Introduction
Reciprocal links form a vital part of any website promotion effort. You have created great content,
or offer a superb product or service -- and now, you want people to know about it.
The Web is only as useful as the sum of its links, as without links it is just a disparate collection
of pages. Links are the glue behind the Web. To ensure that your page has the visibility it deserves,
you will need other sites to point to yours.
What is a reciprocal link?
A reciprocal link is a usually a text link to a site that, somewhere in its pages, carries a similar
text link to your own site.
A reciprocal link is a commitment. This link basically says "The site at the other end of this link
feels that my site is important enough to link to, and I feel that their site is important enough that
I am willing to let visitors leave my site via this link."
A reciprocal link involves an element of trust.
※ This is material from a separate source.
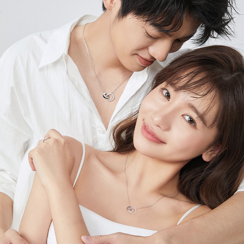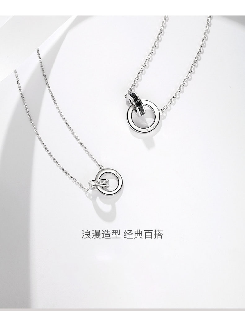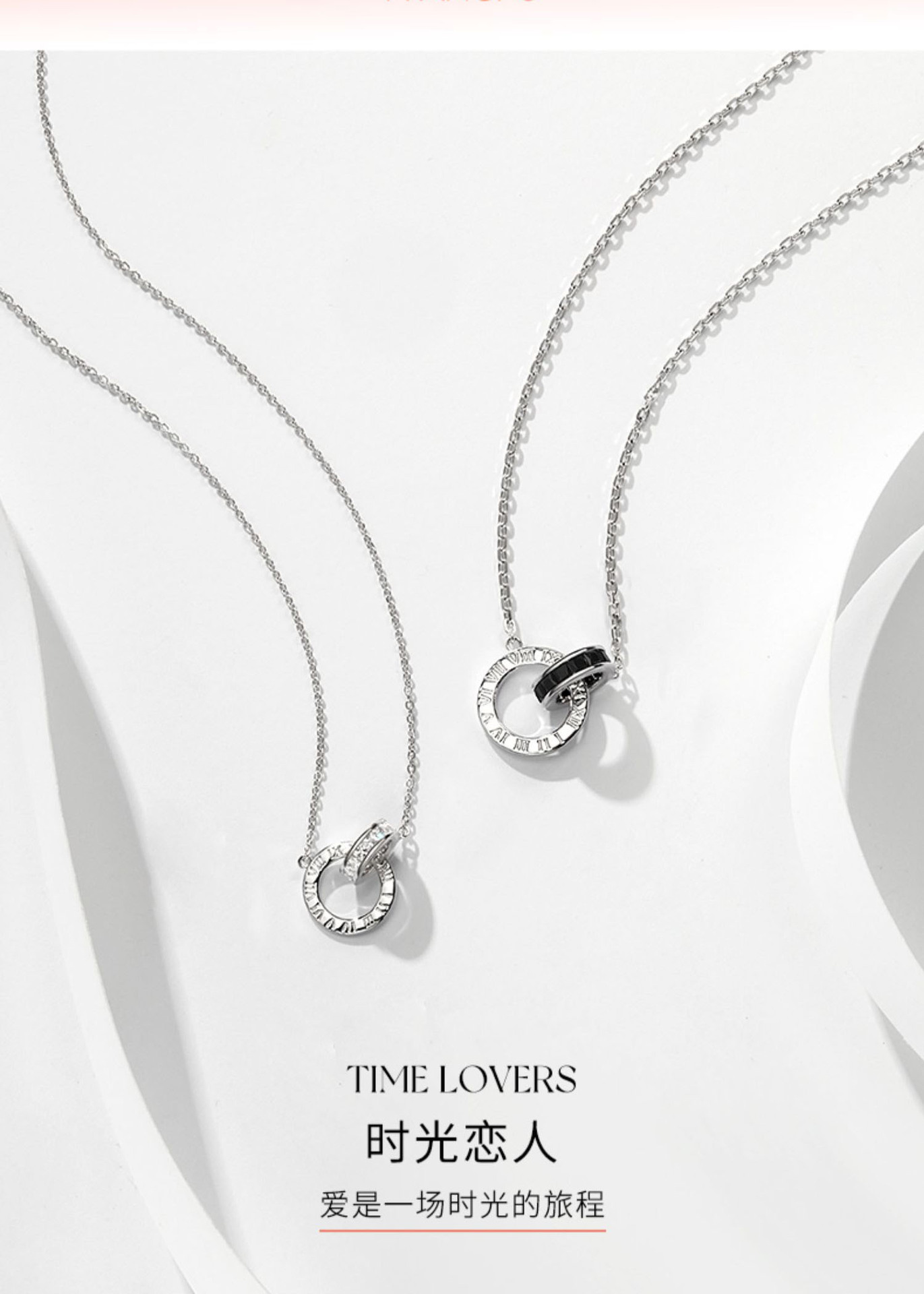 Time Lovers Double-ring Couple Necklace Women 2023 New Fashion Light Luxury ins Style Niche Design Collarbone Chain

Few Webmasters have the time or patience to constantly
monitor the sites that link back to them, so you are trusting the other site to maintain the link on
their site, and not bury it under other information or delete it during a site upgrade.
My view is that it is healthy for sites to offer links to competitors.
Offline, people rarely make significant purchases before browsing a few alternatives. So by providing
choice, you are indirectly stimulating people to buy more. And since your link is also on your
competitor's site [these are reciprocal links, remember!] your own sales may see a boost from visitors
coming from the competing site. These are what I would term "equivalent" links.